Trotz dieser Initiativen und der Expertenrunde ist die Reform, die der Justizminister eigentlich bis 2016 in den Bundestag einbringen wollte wohl wieder vergessen worden. Herr Maas hat seinerzeit in der Eröffnungsrede vor der Expertengruppe geäußert, dass er die Reform nicht länger aufschieben wolle. 34 Jahre (heute ca. 40 Jahre!!!!) nach dem Reformappel des Deutschen Juristentages sei die Zeit reif zum Handeln.
Auf Nachfrage teilt mir das Referat für Bürgerkommunikation des Bundesjustizministeriums mit, dass der Koalitionsvertrag von CDU, CSU und SPD kein Projekt zur Reform der Tötungsdelikte im StGB enthält, also auch nicht daran gearbeitet wird. Der ebenfalls von mir angeschriebene Rechtsausschuss des Bundestages teilt mir mit, dass ihm keine Vorhaben zur Änderung der Vorschriften vorliegen.
Unsere Politiker haben offensichtlich trotz des dringenden Reformbedarfs seit ca. 40 Jahren mit so viel Zurückhaltung an der Reform gearbeitet, dass sie noch immer nicht durchgeführt worden ist und auch aktuell nicht vorgenommen werden soll.

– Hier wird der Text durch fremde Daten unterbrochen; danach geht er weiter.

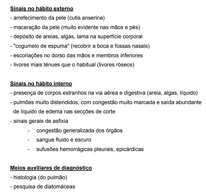 Submersão: "é a morte que resulta da supressão do arejamento pulmonar por obstáculo constituído por líquido que penetra nas vias aéreas (submersão-asfixia), ou a que resulta do simples contacto do líquido com o corpo (submersão-inibição)" (Carlos Lopes, 1977).
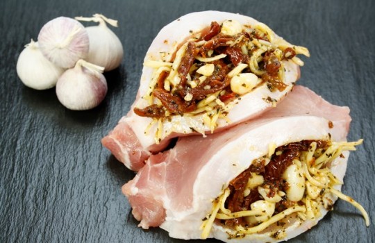Lad hver bid glæde dine smagsløg med vores koteletter med fyld. Disse benfrie koteletter er omhyggeligt udvalgt og fyldt med en uimodståelig kombination af revet mozzarella, syltet hvidløg, soltørret tomat og en frisk grøn pesto. Smagene mødes i en harmonisk balance, der gør hver kotelet til en kulinarisk fornøjelse, som både du og din familie vil elske.
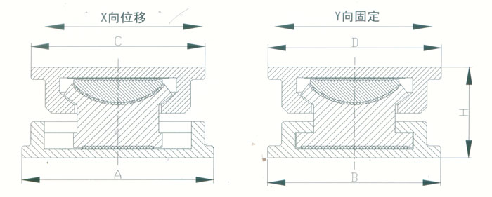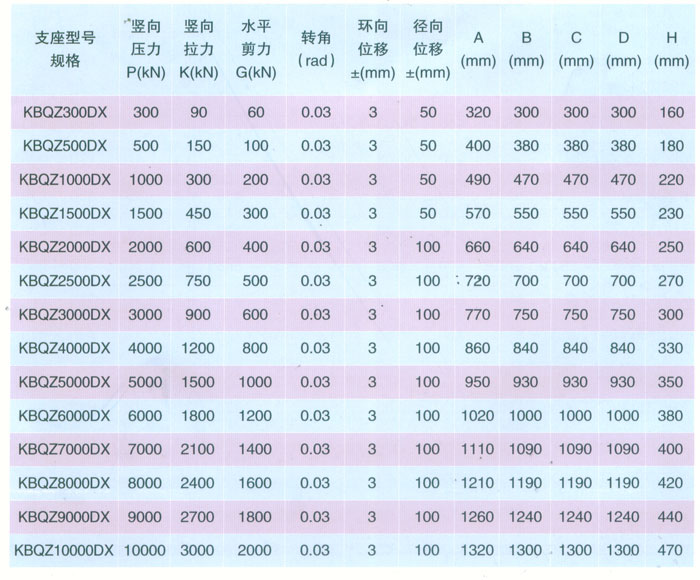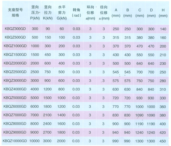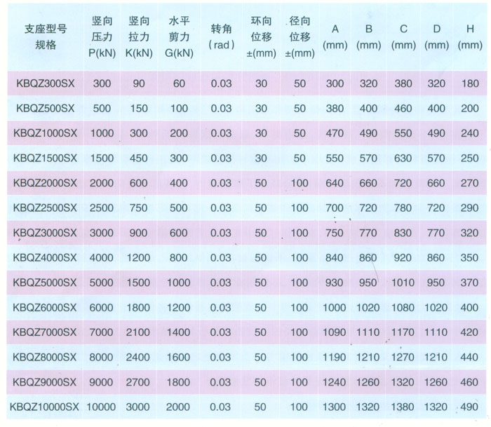 4 KBQZ系列抗拔球型支座 本系列支座主要分為抗拔球型支座和減震抗拔球型支座,下面對其進(jìn)行分類介紹。4.1抗拔球型支座 此類支座分為固定型、單向位移型和雙向位移型,支座結(jié)構(gòu)如圖3。其主要由支座頂板、不銹鋼板、平面聚四氟乙烯滑板、球冠襯板、球面聚四氟乙烯滑板、中支架、聚四氟乙烯滑板、不銹鋼板和滑移箱組成。支座中的相對滑移部件之間,采用目前世界上摩擦系數(shù)最低的聚四氟乙烯滑板和不銹鋼板相隔,充分減小了摩擦阻力,使各部分之間的運動流暢,避免爬行現(xiàn)象的產(chǎn)生。本類支座通過球面聚四氟乙烯滑板上部構(gòu)件沿著球面相對于下部構(gòu)件的轉(zhuǎn)動實現(xiàn)轉(zhuǎn)角(常用值為0.02rad),在工作過程中支座沿著滑移箱滑道滑動實現(xiàn)水平位移。 豎向壓力的傳遞是通過支座頂板,不銹鋼板,平面聚四氟乙烯滑板,球冠襯板,球面聚四氟乙烯滑板,中支架,聚四氟乙烯滑板,不銹鋼板依次疊加傳至滑移箱底板。 豎向拔力的傳遞是通過支座頂板和中支架的抗拔接觸面將作用于支座頂板上的上.拔力傳至中支架,再由中支架與滑移箱之間的抗拔四氟滑板和不銹鋼板將力傳至滑移箱頂板。 水平力的傳遞是通過支座頂板側(cè)壁與中支架側(cè)壁之間.的接觸面將水平力傳至中支架,再由中支架與滑移箱的接觸面?zhèn)髦粱葡鋫?cè)壁根部。 固定型抗拔球型支座不設(shè)滑移箱。4.1.1普通抗拔雙向位移型球型支座KBQZ-SX普通抗拔雙向位移型球型支座參數(shù)表 表74.1.2普通抗拔單向位移型球型支座KBQZ-DX普通抗拔單向位移型球型支座參數(shù)表 表84.1.3普通抗拔固定型球型支座KBQZ-GD普通抗拔固定型球型支座選用參數(shù)表 表9
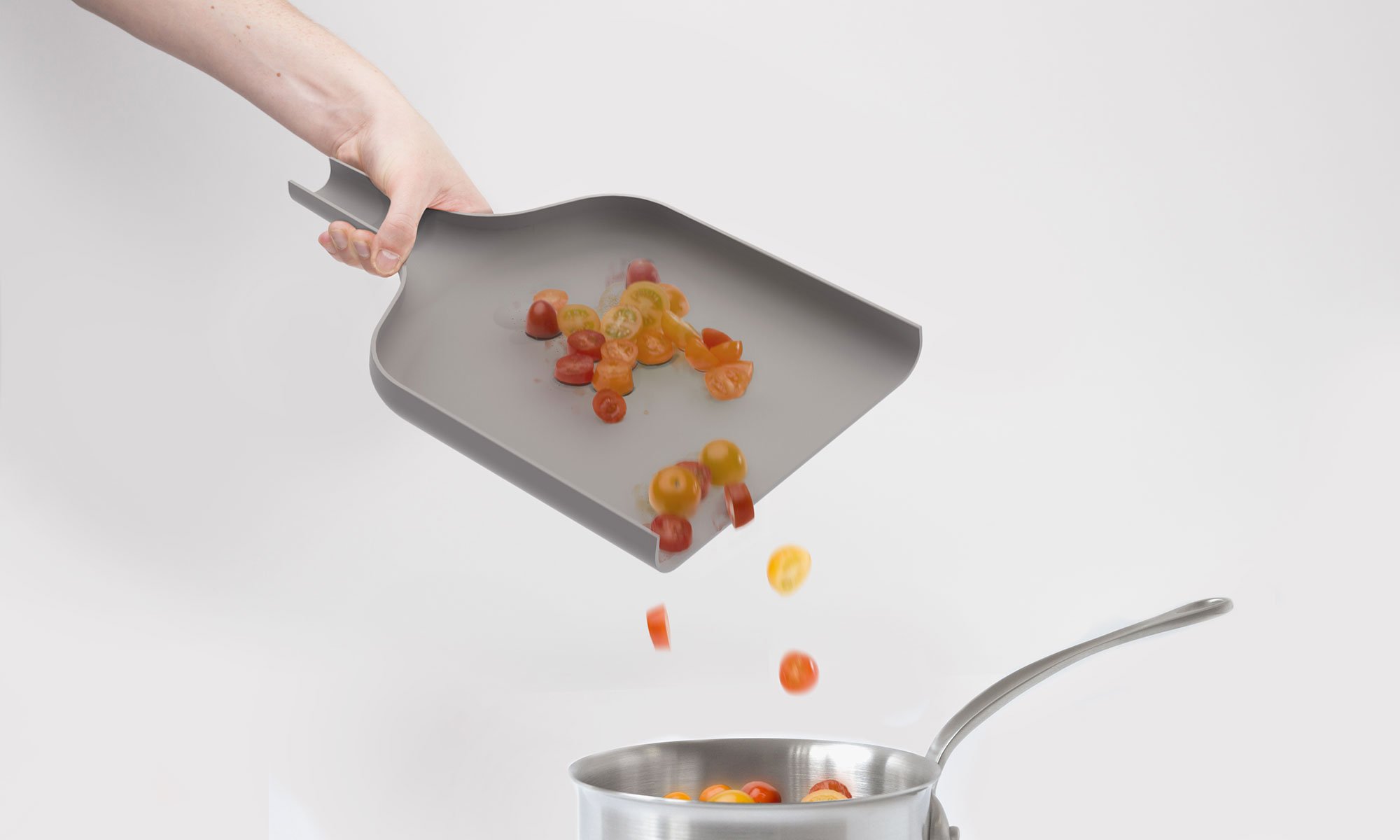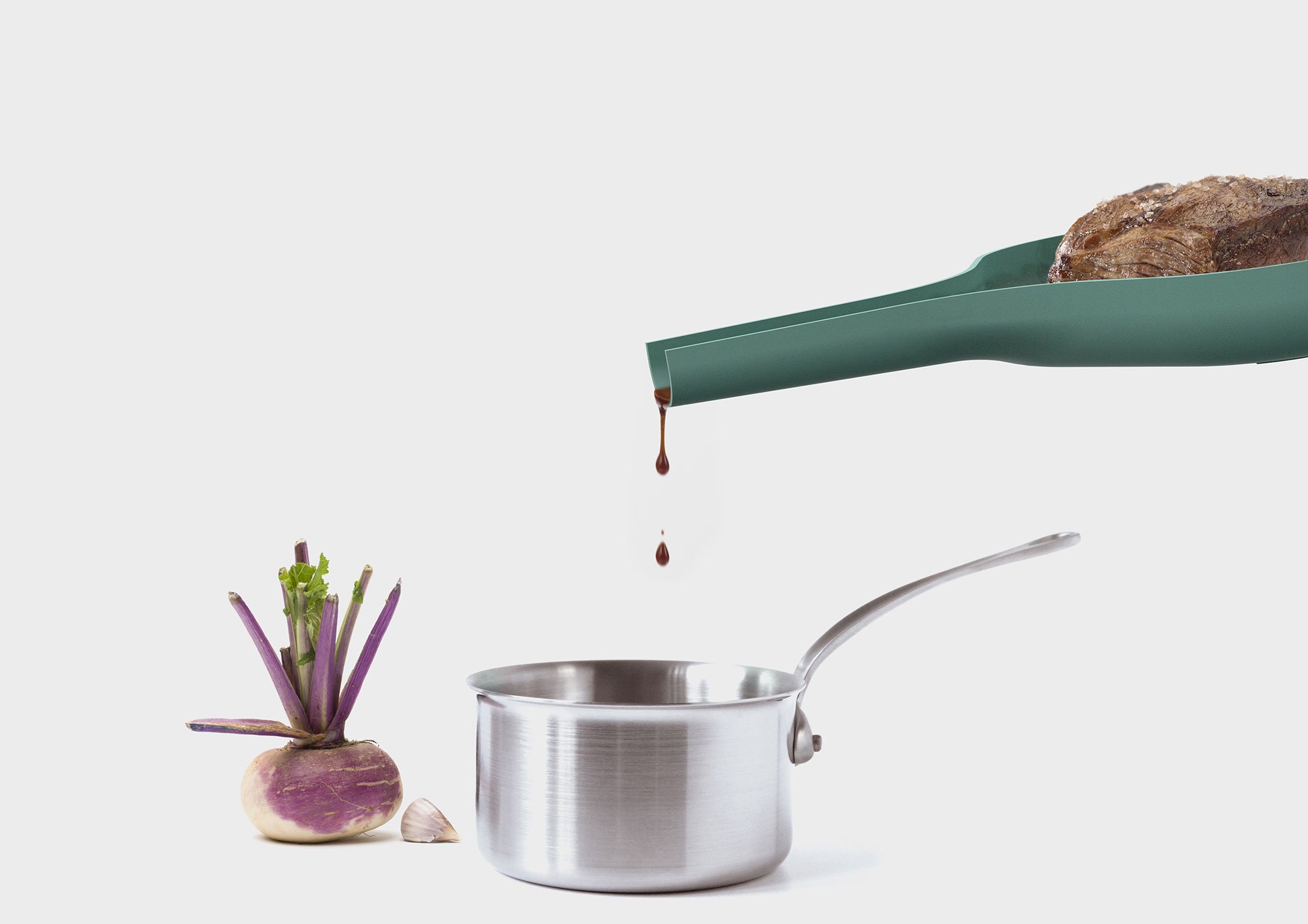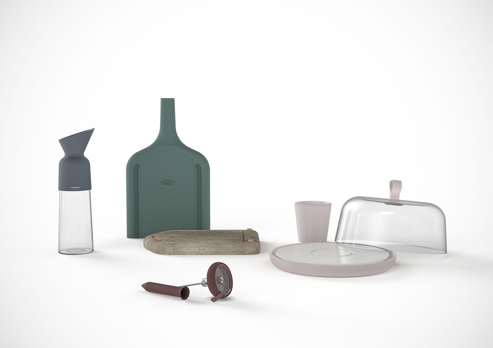 The Evolution Range includes four products, all boasting elegant lines and ingenious features. The cake stand comes with a ceramic plate that has convenient indentations and with a base that also doubles as a sauce or custard bowl. Based on a traditional design, the cooking thermometer refreshes the classic aesthetic with a modern dial and an external adjustable indicator which also stops the thermometer from rolling on a table. The chopping board comes with a sliding section to make separating items or taking ingredients directly to the pan easy. An elegant carafe features contrasting textures and a practical funnel-shape neck which doubles as a handle.

Damit haben sie die Ursache für viel Leid bei Opfern und Opferfamilien gesetzt, denn das hat Richtern und Staatsanwälten weiterhin die Möglichkeit gegeben Frauen und Männer ungleich zu behandeln, Opfer von Gewalt und Tötungsdelikten herabzusetzen und die Täter, Partner und Expartner durch Bewertung der Tat als Totschlag zu schützen. Dabei hatte doch der damalige Minister Maas in seiner oben zitierten Eröffnungsrede solche Beispiele zur Begründung des dringenden Reformbedarfs herangezogen.
Wir sollten aber die Situation zum Guten wandeln indem wir uns dafür einsetzen, dass die Empfehlungen der Expertengruppe und der Referentenentwurf nachgebessert werden damit sie auch der heutigen Situation der Gewalt gegen und der Tötung von Frauen durch Partner/Expartner - Femizid - Rechnung zu tragen und nicht Hintertüren offen zu lassen um über das Strafmaß de facto wieder den Totschlag und dessen Verjährung einzuführen. Denn genau das steht zu befürchten.
Die Petition muss zu einer starken Bewegung werden um die Politik nicht nur zum Handeln zu zwingen, sondern mit den richtigen Zielen die Probleme der Zeit zu lösen.
Bei einem Teil unserer Nachbarn regt sich Protest auf der Straße. Auch bei uns scheint es erforderlich zu sein eine sicherheitspolitische Debatte insbesondere in Bezug auf die Situation der Frauen/Kinder öffentlich zu führen damit es keine Fortsetzung dieser unerträglichen Zustände gibt und die Politiker endlich die Reform ernsthaft und unter Berücksichtigung des Sicherheitsgefühls der Bevölkerung in Angriff nehmen.
Die Aufgabe des Rechtstaates ist es Leben zu schützen und begangenes Unrecht ausnahmslos durch rechtsstaatliche Strafe zu sühnen.
Die Reform des StGB ist ein wichtiger Baustein in Bezug auf die Gleichberechtigung und Gleichbehandlung von Frauen durch Justiz und Polizei.
Es ist aber auch nötig vorzubeugen, zu verhindern und zu helfen. Daher müssen die Familienministerin und sonst zuständige in die Pflicht genommen werden. Sie müssen Verantwortung übernehmen und handeln.
Hierfür setzt sich die Petition „Stoppt das Töten von Frauen #save XX“ von Frau Professor Dr. Kristina Wolff ein. Beide Petitionen sollten aus vorstehend genannten Gründen im Zusammenhang gesehen und unterstützt werden.
Ich danke allen die die Petitionen unterstützen und wünsche uns allen eine schöne, ruhige und besinnliche Adventszeit. Denken wir dabei aber auch daran, dass es viele Menschen in unserem Land gibt, die aufgrund der Lebensumstände in ihrer Partnerschaft leider auch in der Advents- und Weihnachtszeit keine Ruhe finden. Tun wir etwas für sie.